■ Instructions to follow
Reproduce only this stretch of the listing below: from the line with "When a project" through the line with "A Vention kábel", exactly as written, with pictures excluded.

Supplied data Block Start

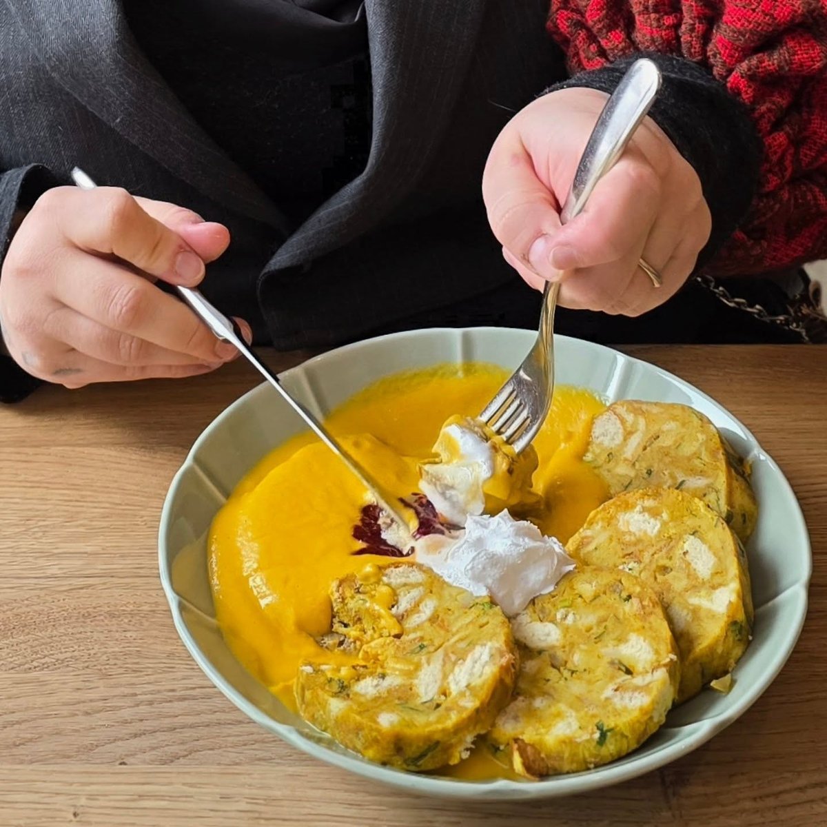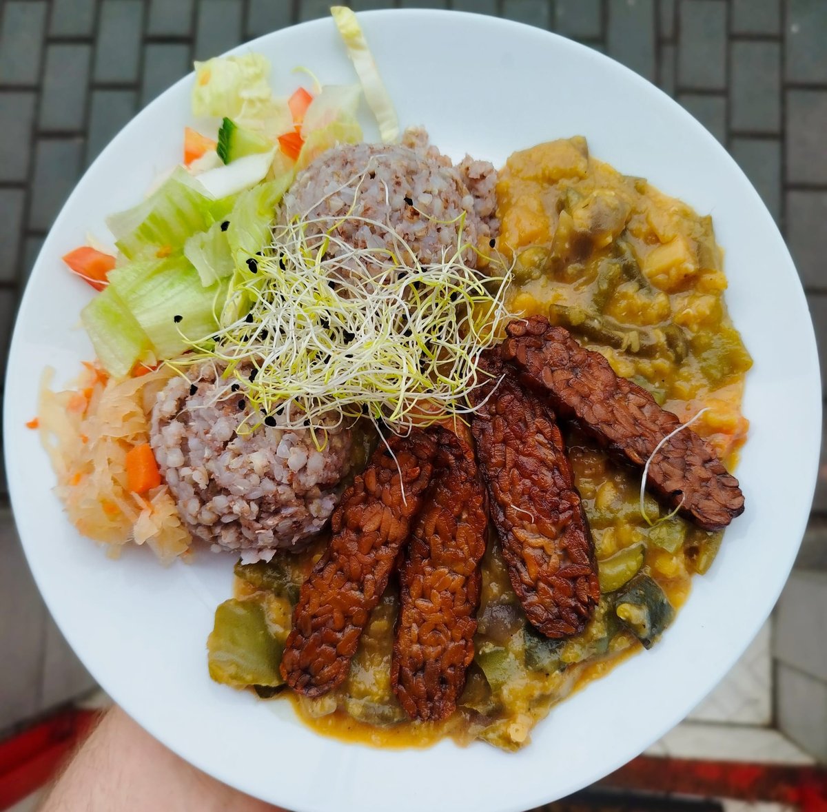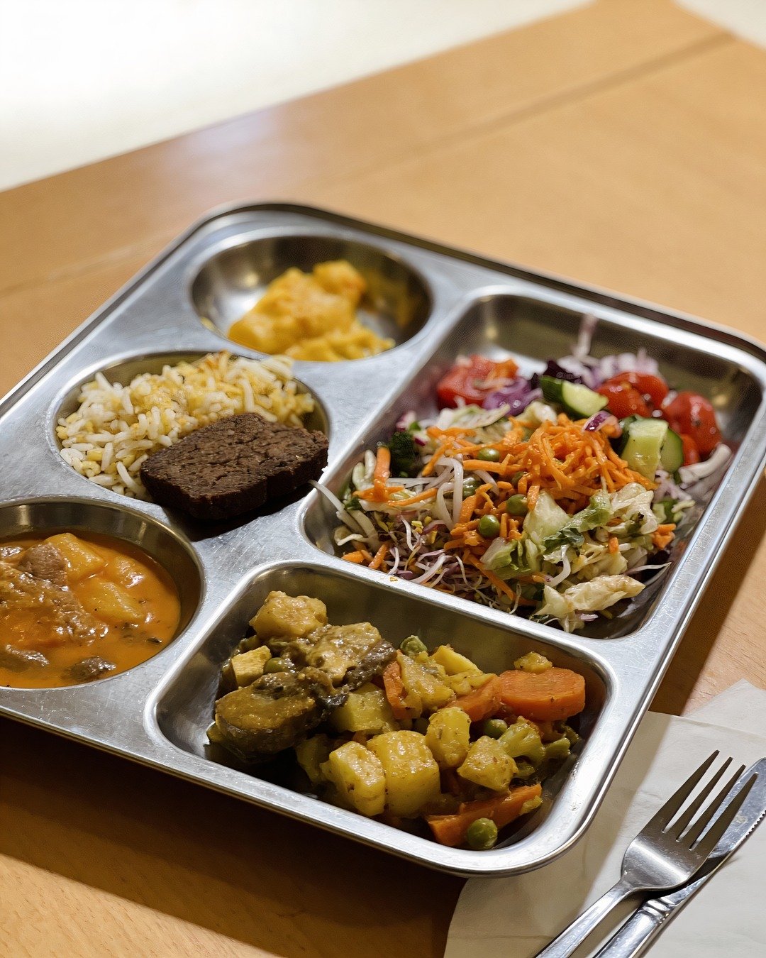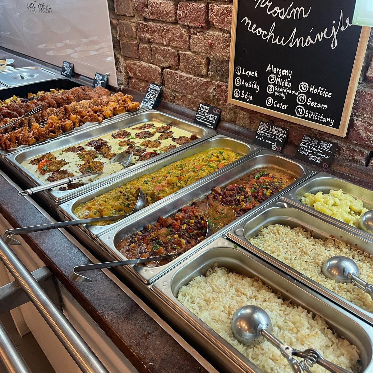 V denní nabídce najdete třeba Zeleninové kičrí (kombinace čočky, rýže, dýně hokkaido, celeru a rajčat) nebo sytý Alu daam, což je zeleninový guláš s pečeným bramborem, červenými fazolemi a restovanou zeleninou.
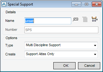 When a project requires a support that does not conform to any of the supplied configurations, it can be created as a Special Support. It can be assigned a support name and a special support number. This special support number can be unique to one support, or it may be used on several supports. This is controlled via the MDS Admin Data window. For details, refer to the MDS
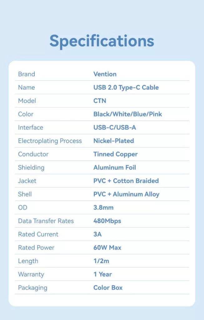 A Vention kábel lehetővé teszi, hogy egyszerre töltse készülékeit és akár 480 Mbps sebességgel továbbítsa az adatokat. Könnyedén, másodpercek alatt továbbíthatja kedvenc filmjeit, zenéit vagy dokumentumait, értékes időt takarítva meg.
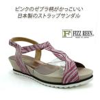 【40%オフ】サンダル レディース 23.5cm 本革 ストラップ FIZZ REEN フィズリーン 6102 ピンク ゼブラ柄 展示処分品 日本製 11,880円の品 セール

Supplied data Block End

■ Response to the exercise
 When a project requires a support that does not conform to any of the supplied configurations, it can be created as a Special Support. It can be assigned a support name and a special support number. This special support number can be unique to one support, or it may be used on several supports. This is controlled via the MDS Admin Data window. For details, refer to the MDS
 A Vention kábel lehetővé teszi, hogy egyszerre töltse készülékeit és akár 480 Mbps sebességgel továbbítsa az adatokat. Könnyedén, másodpercek alatt továbbíthatja kedvenc filmjeit, zenéit vagy dokumentumait, értékes időt takarítva meg.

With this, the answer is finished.